## Exercise goal
Would you write out the full listing exactly, without any pictures?

───── Source data

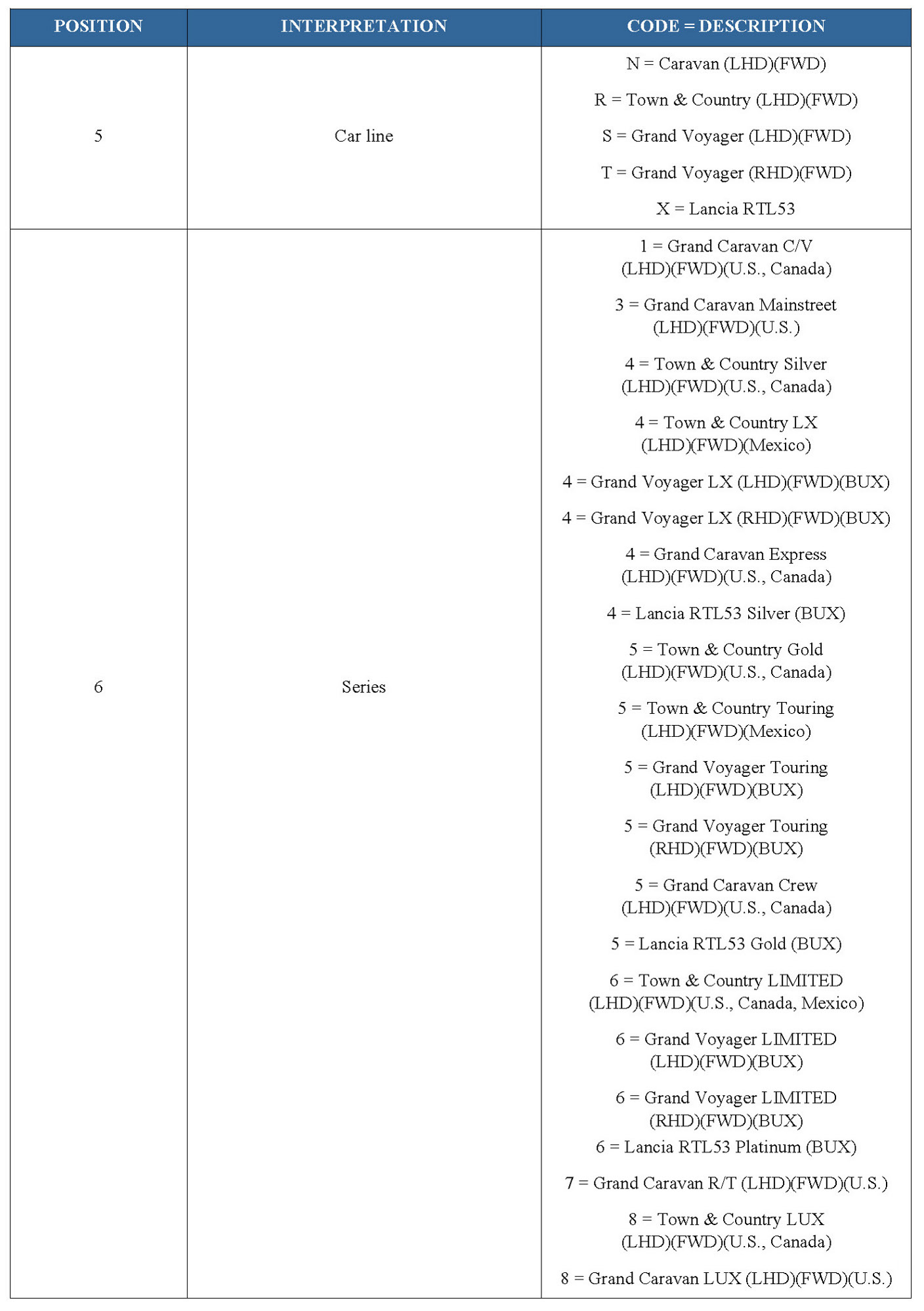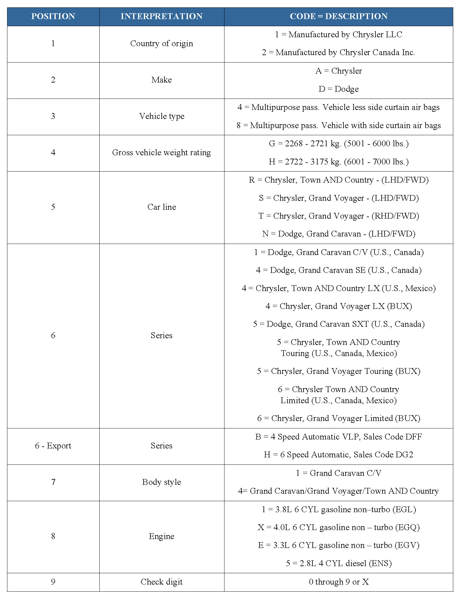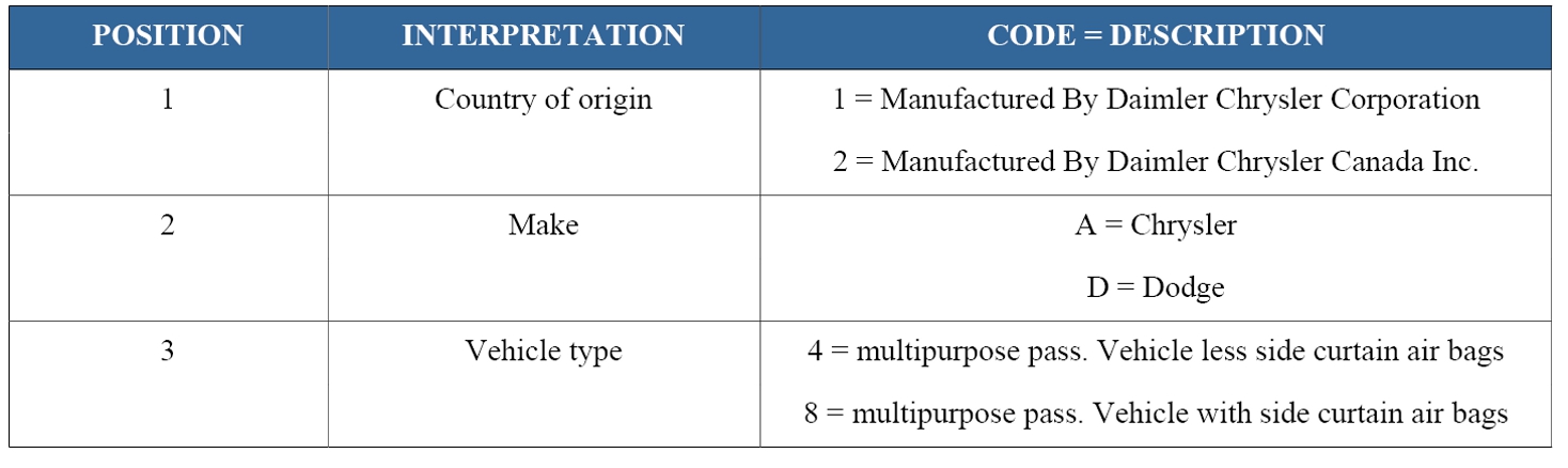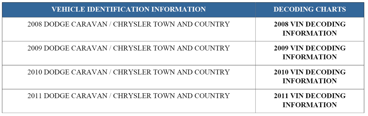 2011 VIN DECODING INFORMATION
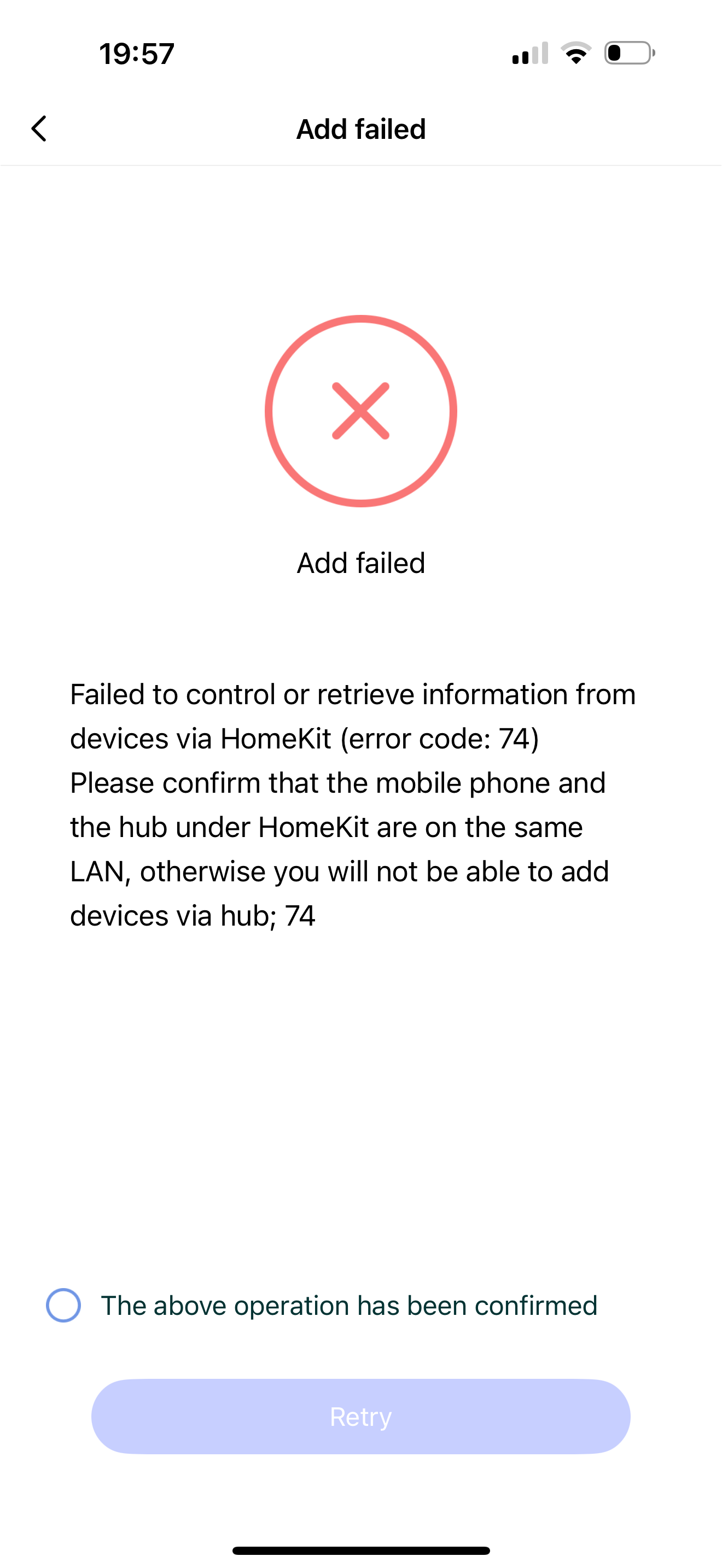My aqara g4 was running fine until this morning. I did a reset and removed the g4 from apple home and the aqara app. I readded the device and added it to apple home. That worked fine. The thing is that I cannot continue to add the g4 to the aqara app itself because of an error 74. (Screenshot)
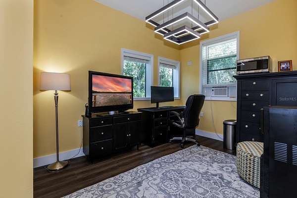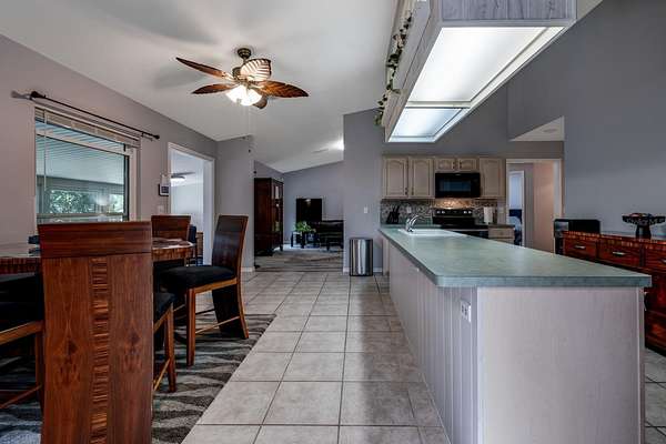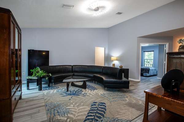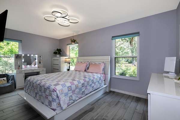 The fully renovated guest bath adds modern comfort, while the guest bedroom overlooks the front yard's newly planted orchard, brimming with avocado, orange, peach, and banana trees. Just minutes from The Villages and Lake Weir, with boat ramps a half-mile away for access to the Chain of Lakes and Silver Springs, this property is a haven for outdoor enthusiasts.
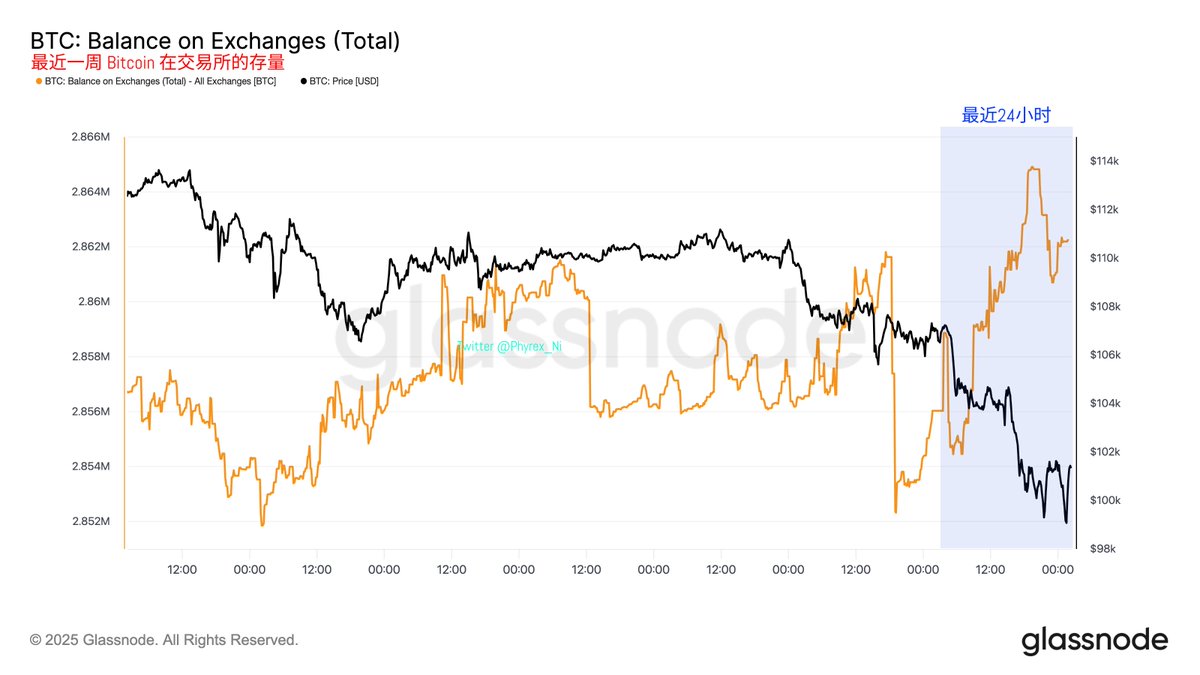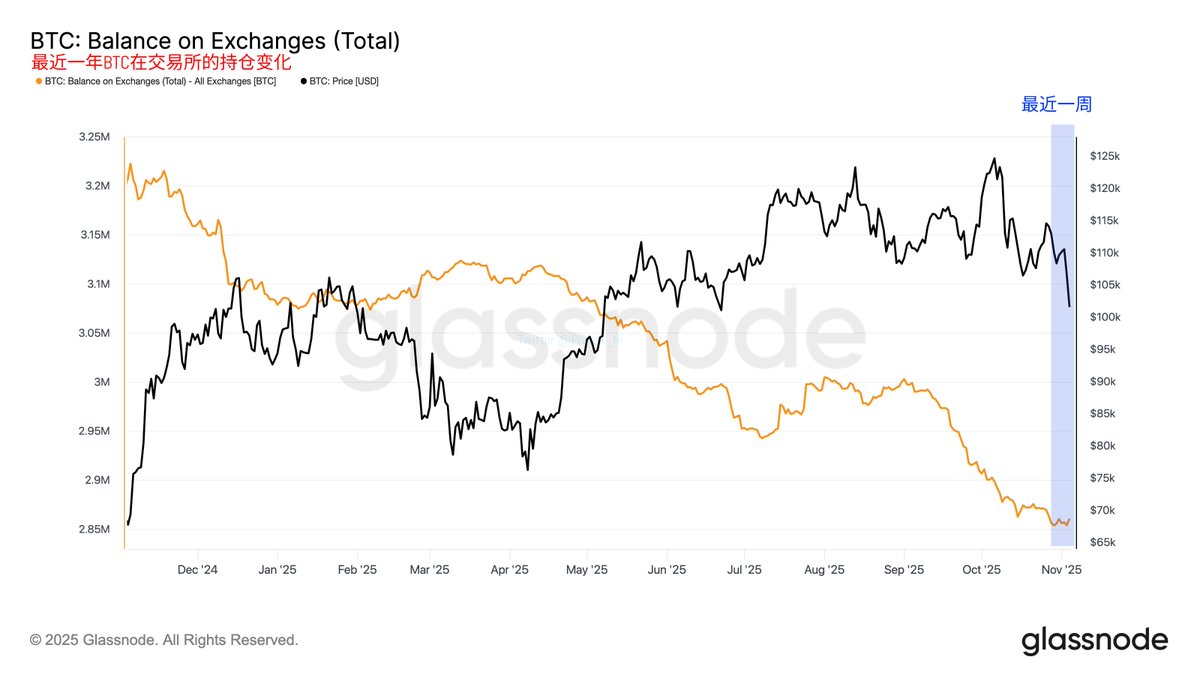 我个人最关注的仍然是交易所的存量数据,从细节数据来看周内随着 BTC 价格的下跌,存量有逐渐上升的趋势,周内所有交易所的 Bitcoin 存量增加了 10,000 枚。

──────────

## Answer to this problem
 2011 VIN DECODING INFORMATION
My aqara g4 was running fine until this morning. I did a reset and removed the g4 from apple home and the aqara app. I readded the device and added it to apple home. That worked fine. The thing is that I cannot continue to add the g4 to the aqara app itself because of an error 74. (Screenshot)
 The fully renovated guest bath adds modern comfort, while the guest bedroom overlooks the front yard's newly planted orchard, brimming with avocado, orange, peach, and banana trees. Just minutes from The Villages and Lake Weir, with boat ramps a half-mile away for access to the Chain of Lakes and Silver Springs, this property is a haven for outdoor enthusiasts.
 我个人最关注的仍然是交易所的存量数据,从细节数据来看周内随着 BTC 价格的下跌,存量有逐渐上升的趋势,周内所有交易所的 Bitcoin 存量增加了 10,000 枚。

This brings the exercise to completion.